The Object Management Group (OMG) is a prime example of how industry, both customers and vendors alike, has recognized the need for a standards-based framework to support the plug-and-play integration of many software applications. CORBA (Common Object Request Broker Architecture) is framework architecture that can provide any company with the basic roadmap for creating an effective process-centric "meta-system."
OMG and CORBA, until recently, have lacked the availability of tools that can support the enterprise-scale approaches that are desired. Proprietary approaches are available, yet they may not yield the same market acceptance (COM/DCOM, OAG, proprietary EAI applications). While CORBA-based frameworks are more desirable, Java-based-frameworks, proprietary frameworks (IBM), and EAI application vendors all are projecting their views into the market.
A Liberated Enterprise is a Process-Driven Enterprise
A robust CORBA-based "meta-system" must be process-based, i.e., founded on a flexible framework for the configuration, execution, delivery, and management of core business processes across Virtual Private Networks (VPNs) and the Internet. A framework is more than a collection of object classes; it includes rich functionality and strong interconnections that provide an efficient infrastructure for the "meta-system" builder.
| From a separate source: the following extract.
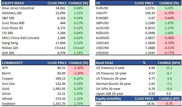 تجاوزت أرقام الوظائف الأمريكية التوقعات، مما يؤكد على وجهة النظر القائلة بأن دورة تشديد بنك الاحتياطي الفيدرالي قد انتهت. كما ارتفعت الأسهم والسندات نتيجة لذلك، بينما تم بيع الدولار. ارتفع الدولار الأسترالي مقابل الدولار فوق 0.65 والمخاطر مرتفعة مع اجتماع بنك الاحتياطي الأسترالي غداً. أعلنت السلطات الصينية عن تدابير لتوسيع الوصول إلى الأسواق وتعزيز الواردات أيضاً. أغلق النفط بانخفاض بنحو 5 ٪ الأسبوع الماضي بينما أدى توقف بنك الاحتياطي الفيدرالي إلى إغلاق سوق النحاس على ارتفاع بنسبة 1 ٪.

In the process-driven environment, supported by process-centric architecture, front office, back office, and supply chain business processes can now be configured for optimal and ad hoc management and execution.The process-centric framework can easily configure and manage any set of enterprise applications, any set of data sources, and any set of participants inside and outside the enterprise -- in other words, across the supply chain. That includes the company's and their partners' front and back offices. How? By decoupling applications and data from business process, the "meta-level" process-centric framework allows just the right combination of data and applications to be delivered, in context, to the person who needs it at any given moment or point in the process. Thus, liberation is possible when any combination of data, applications, and even EAI frameworks can be served on a totally ad hoc, totally flexible basis. This can only happen when the applications and the data that support them no longer have to travel together. We call this "process mail."